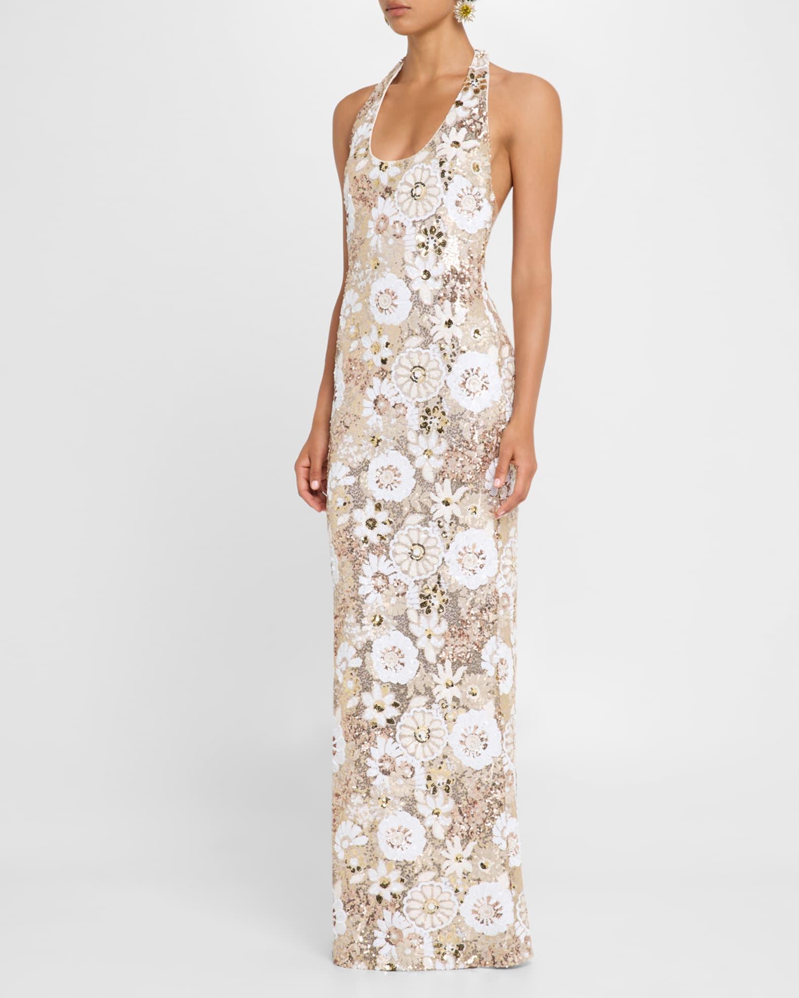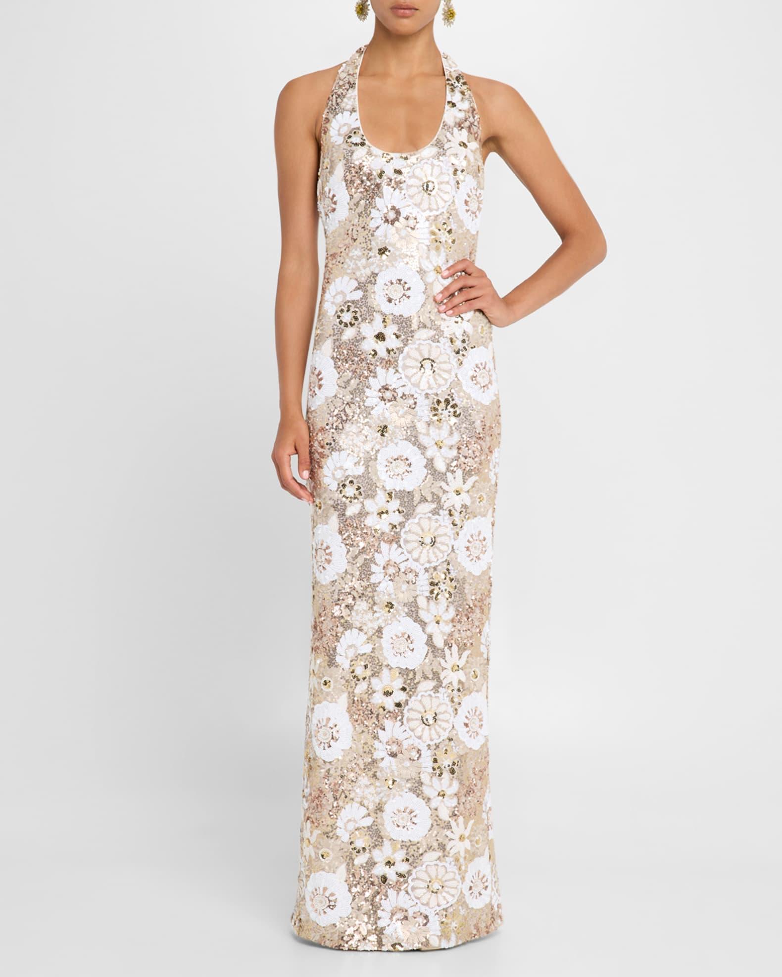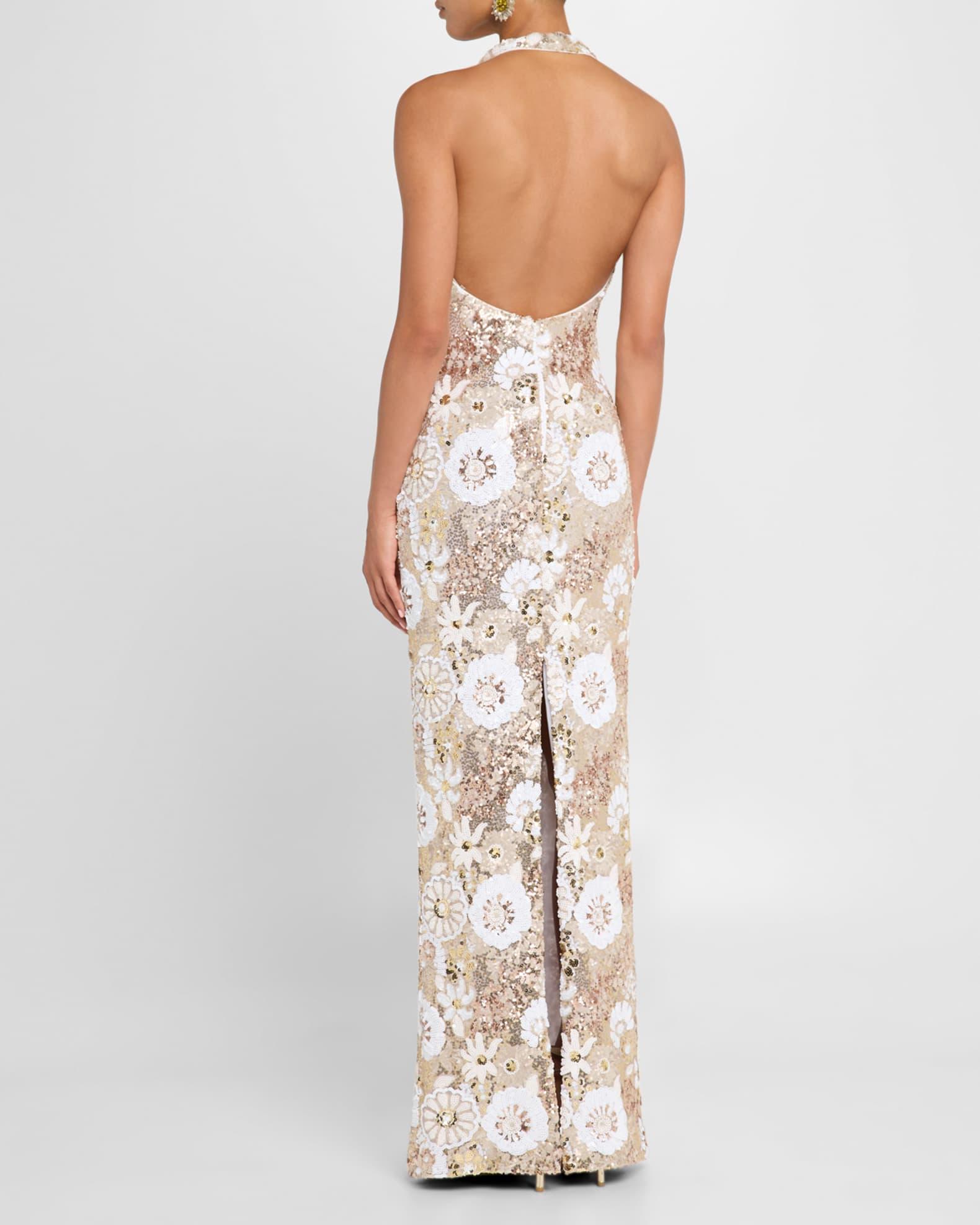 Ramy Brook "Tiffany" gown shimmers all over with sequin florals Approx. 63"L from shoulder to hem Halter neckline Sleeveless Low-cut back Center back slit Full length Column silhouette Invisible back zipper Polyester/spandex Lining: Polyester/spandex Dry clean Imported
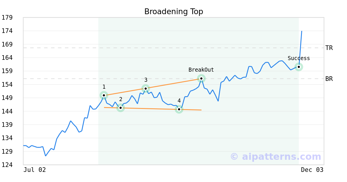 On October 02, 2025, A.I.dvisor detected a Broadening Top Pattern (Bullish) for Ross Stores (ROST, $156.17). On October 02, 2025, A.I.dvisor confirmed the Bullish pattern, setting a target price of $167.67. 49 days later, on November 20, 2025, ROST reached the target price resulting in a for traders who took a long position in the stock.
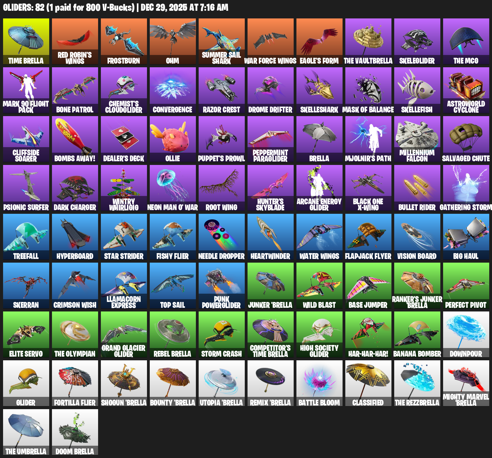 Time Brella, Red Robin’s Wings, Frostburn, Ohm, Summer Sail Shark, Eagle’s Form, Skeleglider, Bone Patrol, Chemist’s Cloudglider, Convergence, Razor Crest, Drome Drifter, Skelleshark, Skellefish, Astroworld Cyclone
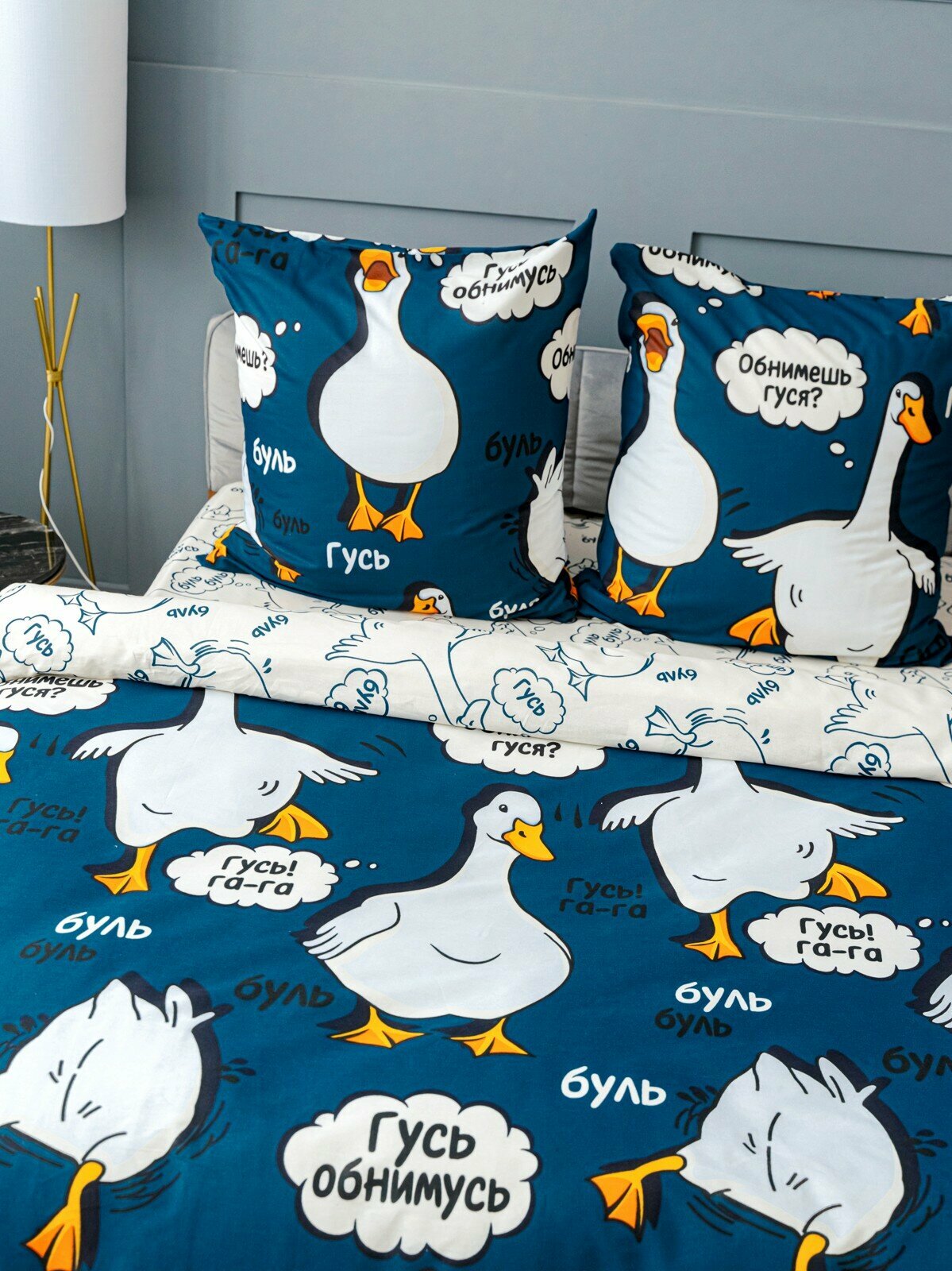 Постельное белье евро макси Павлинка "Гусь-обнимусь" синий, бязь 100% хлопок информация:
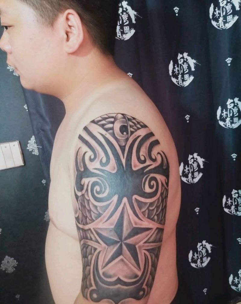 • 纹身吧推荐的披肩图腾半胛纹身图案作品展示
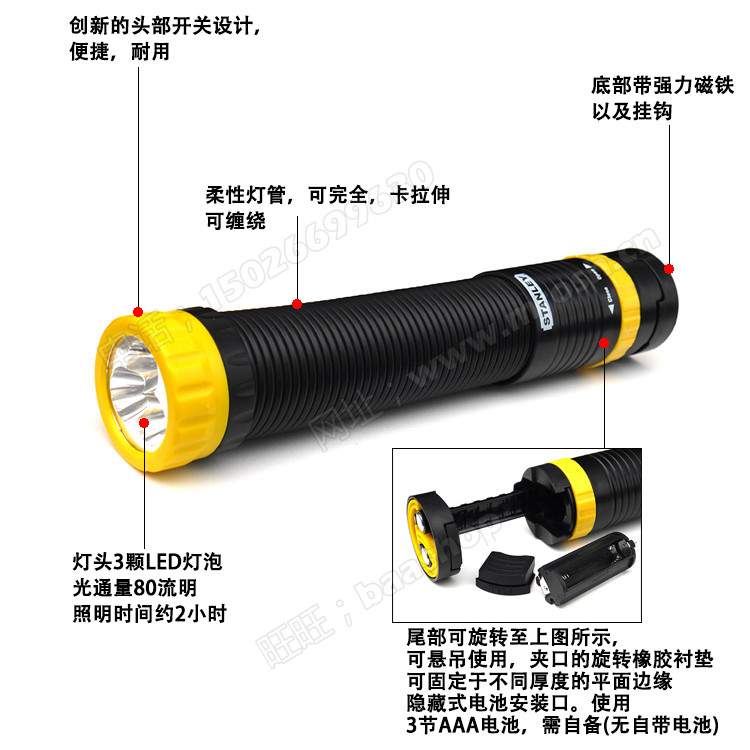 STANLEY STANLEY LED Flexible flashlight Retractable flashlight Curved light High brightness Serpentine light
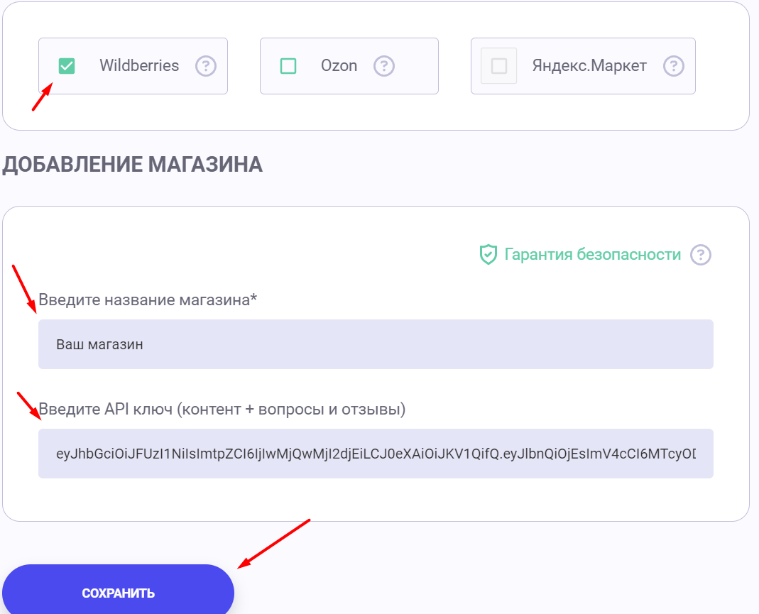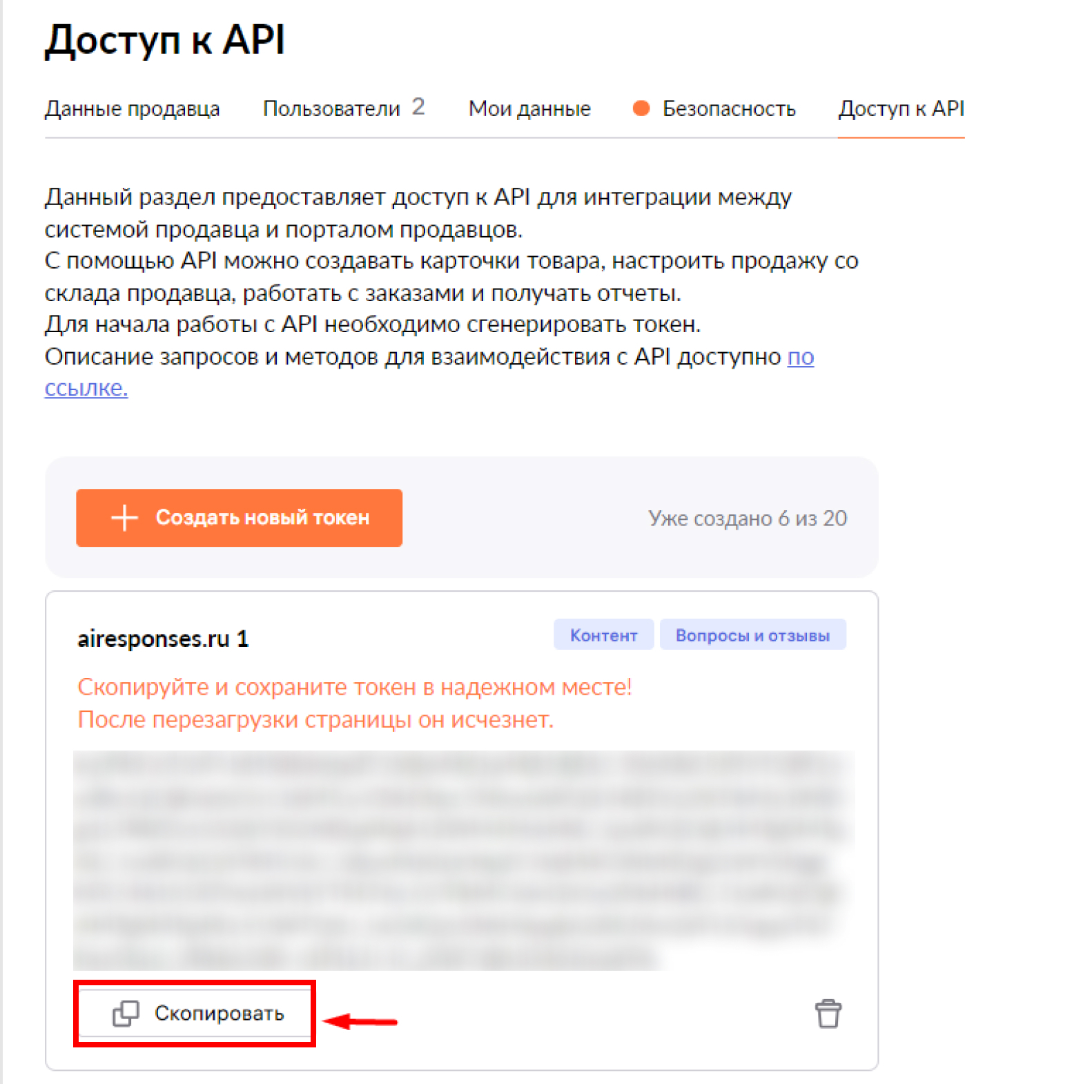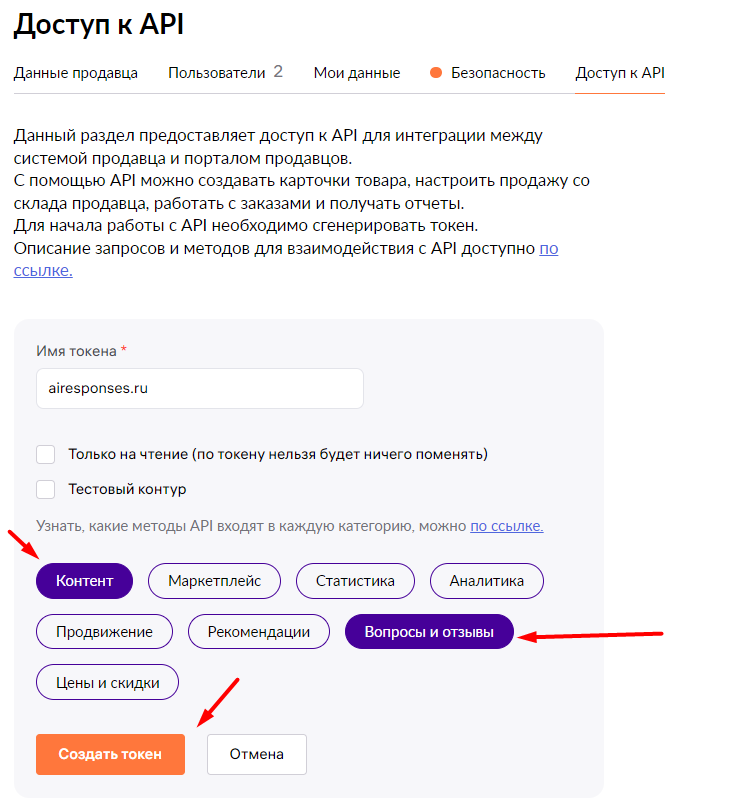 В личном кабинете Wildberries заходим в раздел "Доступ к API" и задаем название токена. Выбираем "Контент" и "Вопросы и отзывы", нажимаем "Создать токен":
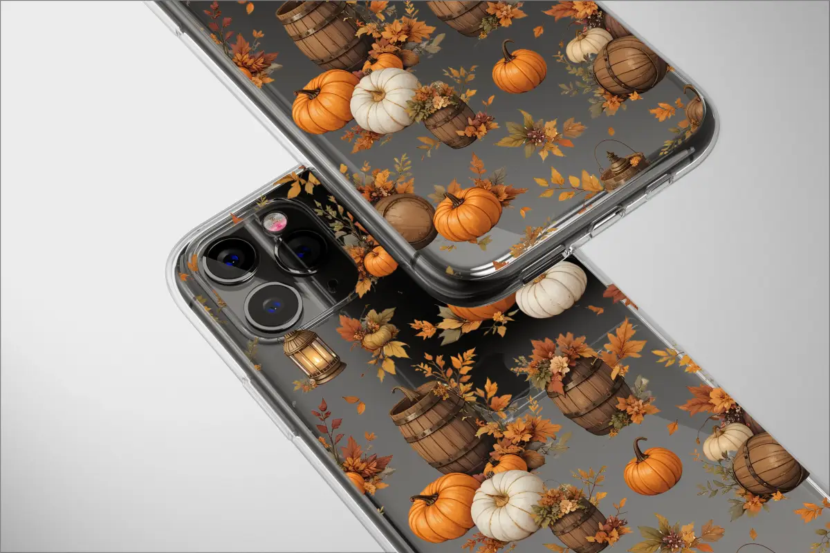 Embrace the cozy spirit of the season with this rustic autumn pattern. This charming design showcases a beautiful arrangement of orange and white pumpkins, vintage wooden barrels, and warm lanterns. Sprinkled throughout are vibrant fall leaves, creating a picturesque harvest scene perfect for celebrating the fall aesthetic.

· · ·

The answer is to be the lines of the listing from the first through the one with "Time Brella, Red", reproduced exactly, without any pictures.

- [Response]
 Ramy Brook "Tiffany" gown shimmers all over with sequin florals Approx. 63"L from shoulder to hem Halter neckline Sleeveless Low-cut back Center back slit Full length Column silhouette Invisible back zipper Polyester/spandex Lining: Polyester/spandex Dry clean Imported
 On October 02, 2025, A.I.dvisor detected a Broadening Top Pattern (Bullish) for Ross Stores (ROST, $156.17). On October 02, 2025, A.I.dvisor confirmed the Bullish pattern, setting a target price of $167.67. 49 days later, on November 20, 2025, ROST reached the target price resulting in a for traders who took a long position in the stock.
 Time Brella, Red Robin’s Wings, Frostburn, Ohm, Summer Sail Shark, Eagle’s Form, Skeleglider, Bone Patrol, Chemist’s Cloudglider, Convergence, Razor Crest, Drome Drifter, Skelleshark, Skellefish, Astroworld Cyclone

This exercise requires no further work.